O silêncio de repente tomava conta de tudo. Um silêncio forçado, preso na garganta, lhe tirando o ar. No fundo ainda se ouvia os carros passando na rua, a televisão da sala e a respiração pesada. Aquela sensação que ia e voltava de tempos em tempos e que sempre passava a idéia de ser a última vez.
Andava em círculos, mas somente na sua cabeça, por fora os músculos pareciam imóveis, rijos. E era como se não estivesse ali no chão, no canto mais distante da porta do quarto. Queria mesmo era levantar, gritar, correr pra longe de tudo... de si mesmo. Mas permanecia. Como se o frio da parede já tivesse tomado conta de seus pulmões e lhe impedisse os movimentos. Se sentia vivendo aos tropeços.
As horas passavam rápido, ou talvez nem passassem. Não sabia, não fazia a menor idéia de quanto tempo tinha passado nem sequer que horas eram. Isso não importava, não de uma maneira urgente como todo o resto.

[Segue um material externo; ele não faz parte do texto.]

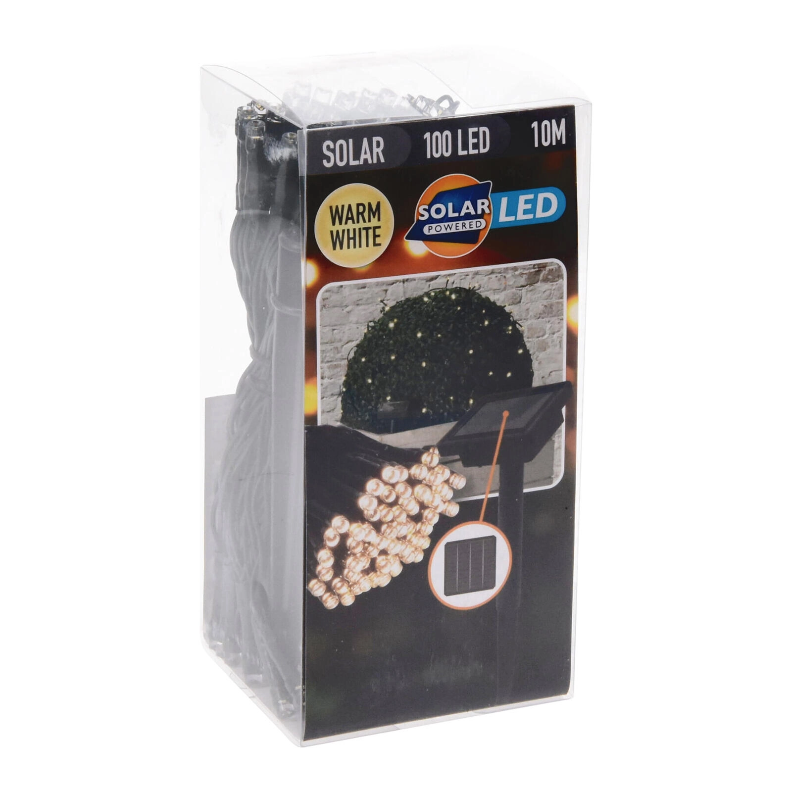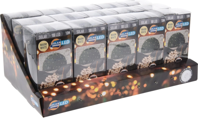 Tento kompaktní solární světelný řetěz je perfektní volbou pro vánoční i celoroční dekorace. Na 2 metrech délky je rozmístěno 100 LED s příjemným teple bílým světlem a světelným výkonem 35 lm, který navodí útulnou atmosféru bez oslnění. Zelený drát nenápadně splyne s větvemi stromků a keřů.

Olhava ao redor do quarto e evitava a todo tempo fitar suas próprias mãos, será que aguentaria? Não sabia, evitava. Assim como todo o resto, evitava sentir, ouvir, falar... mas não podia evitar pensar.
Pensava em tudo que foi dito e também no que não foi, no que queria dizer e no que não devia ter dito.
Haviam tantas coisas a serem ditas. Em sua cabeça ensaiava diversos dialogos. Longos, curtos, educados... as vezes se permitia até a imaginá-los positivos.Imaginava cenários, reencontros... imaginava tanta coisa que chegou até a pensar se isso tudo não tinha sido fruto da sua imaginação. Será? Será que... não, não seria capaz.